Monorepo in Data Science Teams — A Practical Starting Point from a Scale-Up Company | by Pablo San José Villar | clarityai-engineering | Jun, 2023


How we apply a lean and incremental strategy adopting a monorepo to enhance our information science staff effectivity and effectiveness to ship worth in a scale-up atmosphere.

The monorepo is inevitable…

The adoption of monorepos within the tech {industry} is a polarizing subject. Utilized by a number of the largest gamers within the {industry}, however frowned upon by others. On this article, we discover the transformative energy of a monorepo for an information science staff in a scale-up firm atmosphere.
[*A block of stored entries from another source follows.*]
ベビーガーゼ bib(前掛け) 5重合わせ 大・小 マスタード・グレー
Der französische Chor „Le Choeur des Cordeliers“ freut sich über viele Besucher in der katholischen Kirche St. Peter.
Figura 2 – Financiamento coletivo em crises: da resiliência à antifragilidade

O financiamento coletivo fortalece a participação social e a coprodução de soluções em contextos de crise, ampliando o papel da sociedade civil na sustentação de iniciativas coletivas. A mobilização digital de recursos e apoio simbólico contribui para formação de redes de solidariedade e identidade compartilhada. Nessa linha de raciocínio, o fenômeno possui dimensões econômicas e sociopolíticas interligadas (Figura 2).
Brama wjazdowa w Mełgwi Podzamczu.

By consolidating codebases, standardizing information interfaces, and enabling reusable function engineering, monorepos present a cohesive atmosphere for information scientists, engineers, and researchers to collaborate seamlessly within the improvement and deployment of machine studying fashions.

We spotlight the significance of a Lean strategy to facilitate the adoption of the monorepo, leveraging current widespread tooling at first and deferring choices as a lot as attainable. We delve into the important thing elements of a profitable implementation of a monorepo for Knowledge Science initiatives, together with scikit-learn transformers, standardized schemas, and model-specific modules. Moreover, we deal with the challenges that will come up with scalability and dependency administration, proposing options reminiscent of adopting new instruments.
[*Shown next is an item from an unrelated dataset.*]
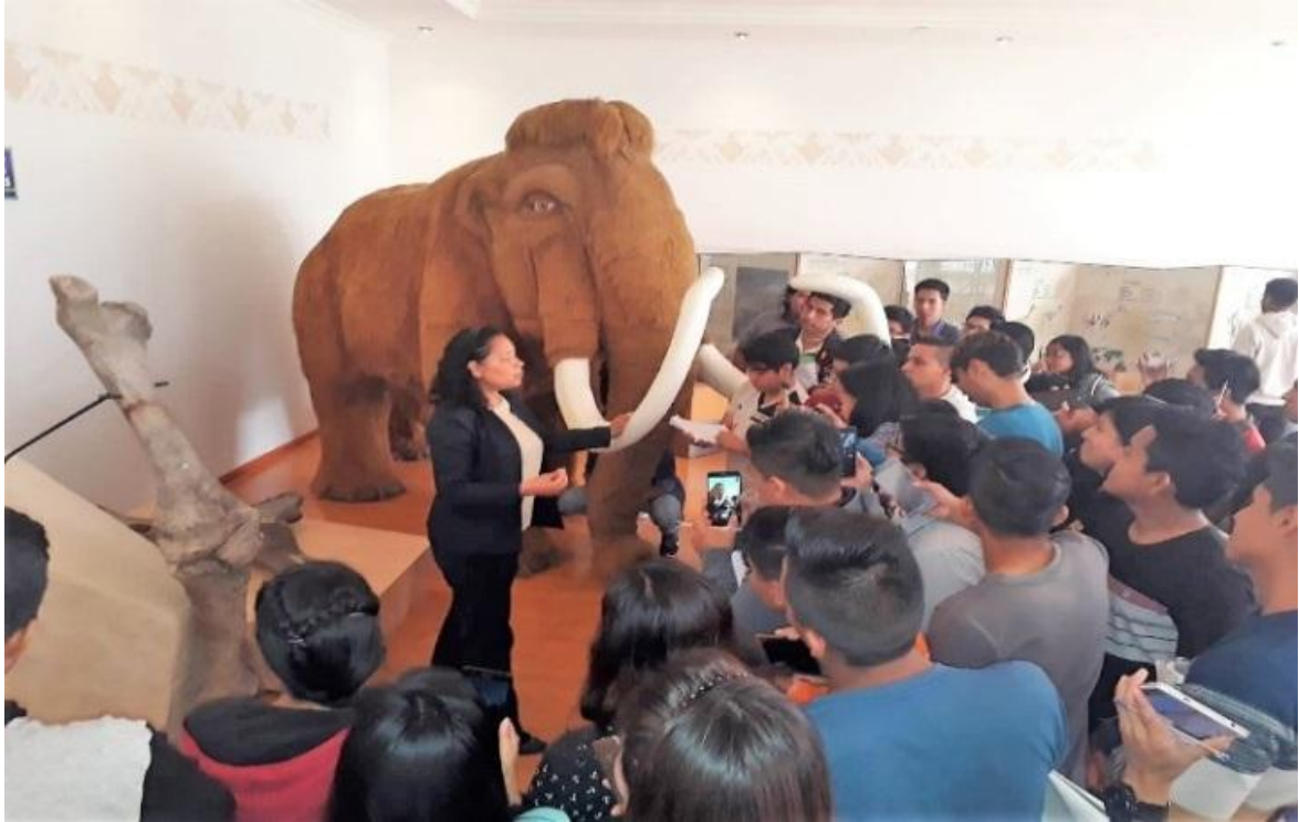
El 16 de octubre, se recibió la visita de 40 estudiantes de la Carrera de Tecnología de la información de la UPSE , con el propósito instruirse con lo que respecta a los hallazgos de megafauna de Tanque Loma

Be a part of the monorepo revolution and unlock the true potential of your information science initiatives!

In the course of the previous three years, Readability AI has witnessed substantial progress, pushed by its dedication to “convey social impression to markets”, which has led to an enlargement of its information science staff. Nonetheless, this exponential progress has come at a value: difficult collaboration, information silos, advanced mannequin deployments, and a excessive cognitive load. Whereas the staff continues to ship outcomes, the developer expertise has suffered.

To handle these challenges, the Machine Studying Engineering (MLE) staff has been working in current months to revamp the ML infrastructure and tooling. However first, it’s essential to know the present issues to design efficient options. How did the staff attain this level, and what are the underlying elements contributing to those challenges?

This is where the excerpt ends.